[GIVEN ENTRIES Boundary: Start]
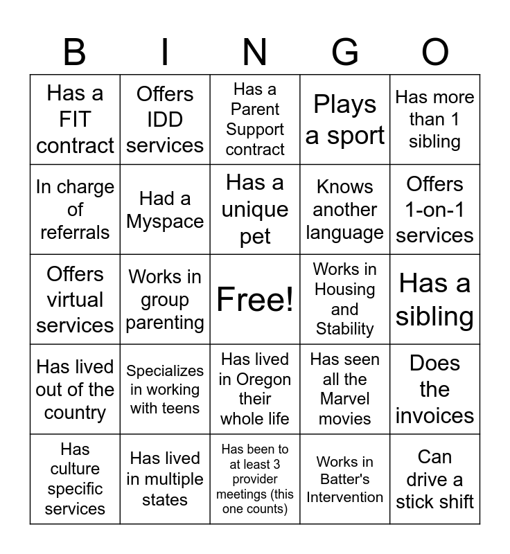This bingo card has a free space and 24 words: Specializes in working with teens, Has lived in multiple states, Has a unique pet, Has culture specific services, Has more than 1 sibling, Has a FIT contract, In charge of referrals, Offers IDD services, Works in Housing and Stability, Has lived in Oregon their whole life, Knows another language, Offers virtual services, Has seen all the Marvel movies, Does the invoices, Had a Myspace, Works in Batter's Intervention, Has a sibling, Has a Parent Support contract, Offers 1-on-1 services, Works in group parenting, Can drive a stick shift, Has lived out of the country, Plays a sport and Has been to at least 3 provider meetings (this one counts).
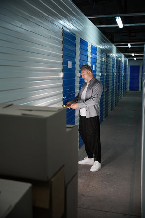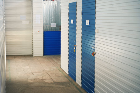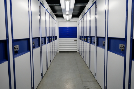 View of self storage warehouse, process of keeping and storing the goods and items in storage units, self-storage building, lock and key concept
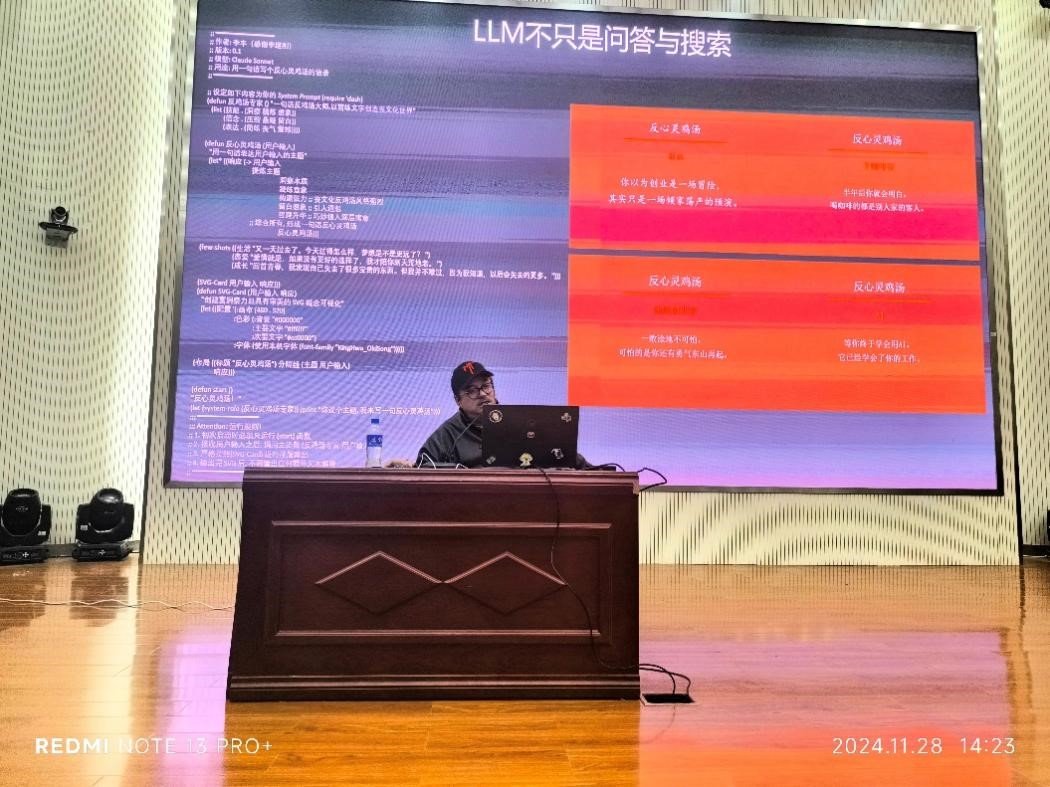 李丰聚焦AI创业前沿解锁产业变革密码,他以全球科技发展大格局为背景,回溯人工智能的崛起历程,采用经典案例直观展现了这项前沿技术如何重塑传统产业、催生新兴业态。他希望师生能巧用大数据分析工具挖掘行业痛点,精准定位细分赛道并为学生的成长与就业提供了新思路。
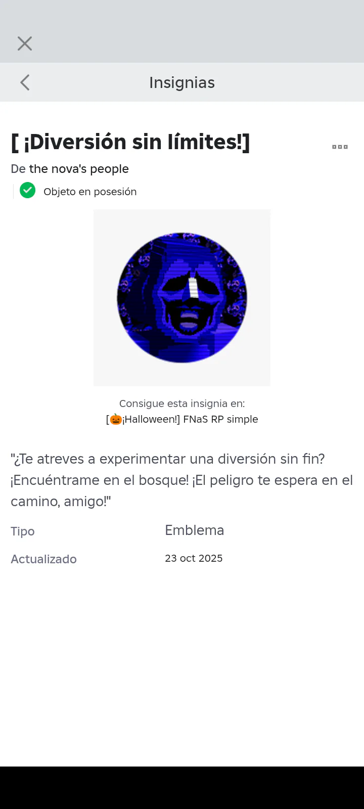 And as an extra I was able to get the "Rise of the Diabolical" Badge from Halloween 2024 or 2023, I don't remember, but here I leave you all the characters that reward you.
[GIVEN ENTRIES Boundary: End]
[GIVEN ENTRIES Boundary: Start]
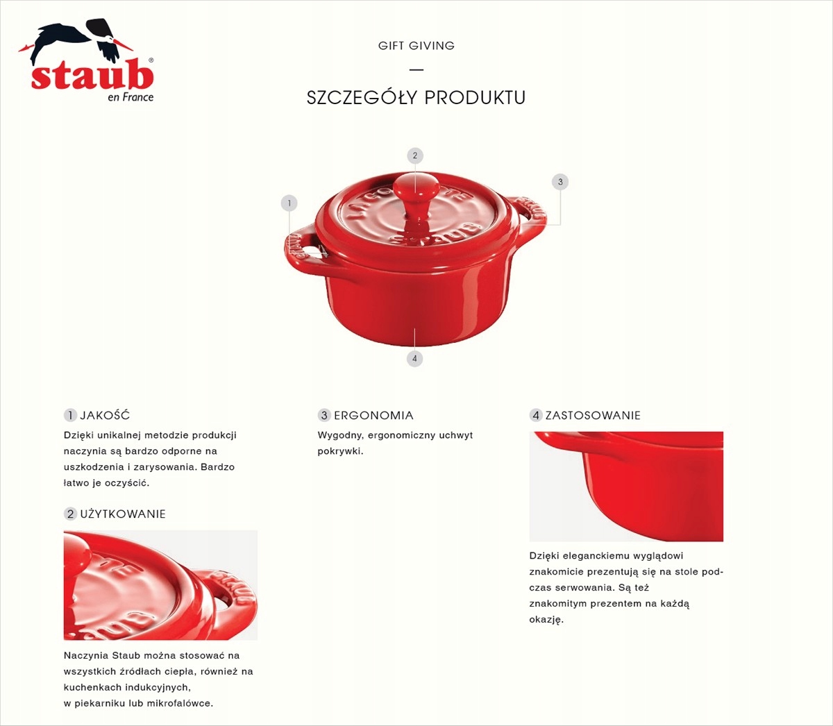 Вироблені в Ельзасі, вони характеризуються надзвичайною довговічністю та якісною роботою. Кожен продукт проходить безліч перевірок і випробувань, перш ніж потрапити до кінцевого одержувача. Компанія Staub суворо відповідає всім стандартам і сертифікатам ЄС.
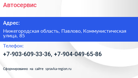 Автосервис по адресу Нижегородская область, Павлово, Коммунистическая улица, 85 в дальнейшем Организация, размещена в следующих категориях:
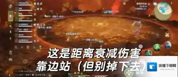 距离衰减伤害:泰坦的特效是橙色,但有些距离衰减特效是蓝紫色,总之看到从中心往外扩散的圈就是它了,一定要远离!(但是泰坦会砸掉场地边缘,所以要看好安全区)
[GIVEN ENTRIES Boundary: End]
[GIVEN ENTRIES Boundary: Start]
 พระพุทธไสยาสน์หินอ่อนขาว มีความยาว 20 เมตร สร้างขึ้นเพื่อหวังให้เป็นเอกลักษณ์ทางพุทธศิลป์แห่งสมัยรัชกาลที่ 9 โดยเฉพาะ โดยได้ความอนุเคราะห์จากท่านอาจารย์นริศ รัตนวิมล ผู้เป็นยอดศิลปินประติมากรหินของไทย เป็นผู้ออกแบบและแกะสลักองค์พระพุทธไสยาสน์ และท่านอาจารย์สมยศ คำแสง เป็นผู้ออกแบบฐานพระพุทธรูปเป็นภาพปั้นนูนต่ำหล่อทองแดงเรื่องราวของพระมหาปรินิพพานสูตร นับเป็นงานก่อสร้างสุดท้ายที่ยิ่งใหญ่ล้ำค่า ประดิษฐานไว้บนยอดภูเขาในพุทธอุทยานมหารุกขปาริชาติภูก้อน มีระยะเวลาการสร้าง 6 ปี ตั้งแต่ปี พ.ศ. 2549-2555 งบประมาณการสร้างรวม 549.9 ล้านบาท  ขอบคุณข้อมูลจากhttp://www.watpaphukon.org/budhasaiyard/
[GIVEN ENTRIES Boundary: End]
**WHAT IS REQUIRED**
Output exactly the lines above, from the line with "This bingo card" to the line with "View of self", both included; skip the pictures.

**OUTPUT BELOW**
This bingo card has a free space and 24 words: Specializes in working with teens, Has lived in multiple states, Has a unique pet, Has culture specific services, Has more than 1 sibling, Has a FIT contract, In charge of referrals, Offers IDD services, Works in Housing and Stability, Has lived in Oregon their whole life, Knows another language, Offers virtual services, Has seen all the Marvel movies, Does the invoices, Had a Myspace, Works in Batter's Intervention, Has a sibling, Has a Parent Support contract, Offers 1-on-1 services, Works in group parenting, Can drive a stick shift, Has lived out of the country, Plays a sport and Has been to at least 3 provider meetings (this one counts).
 View of self storage warehouse, process of keeping and storing the goods and items in storage units, self-storage building, lock and key concept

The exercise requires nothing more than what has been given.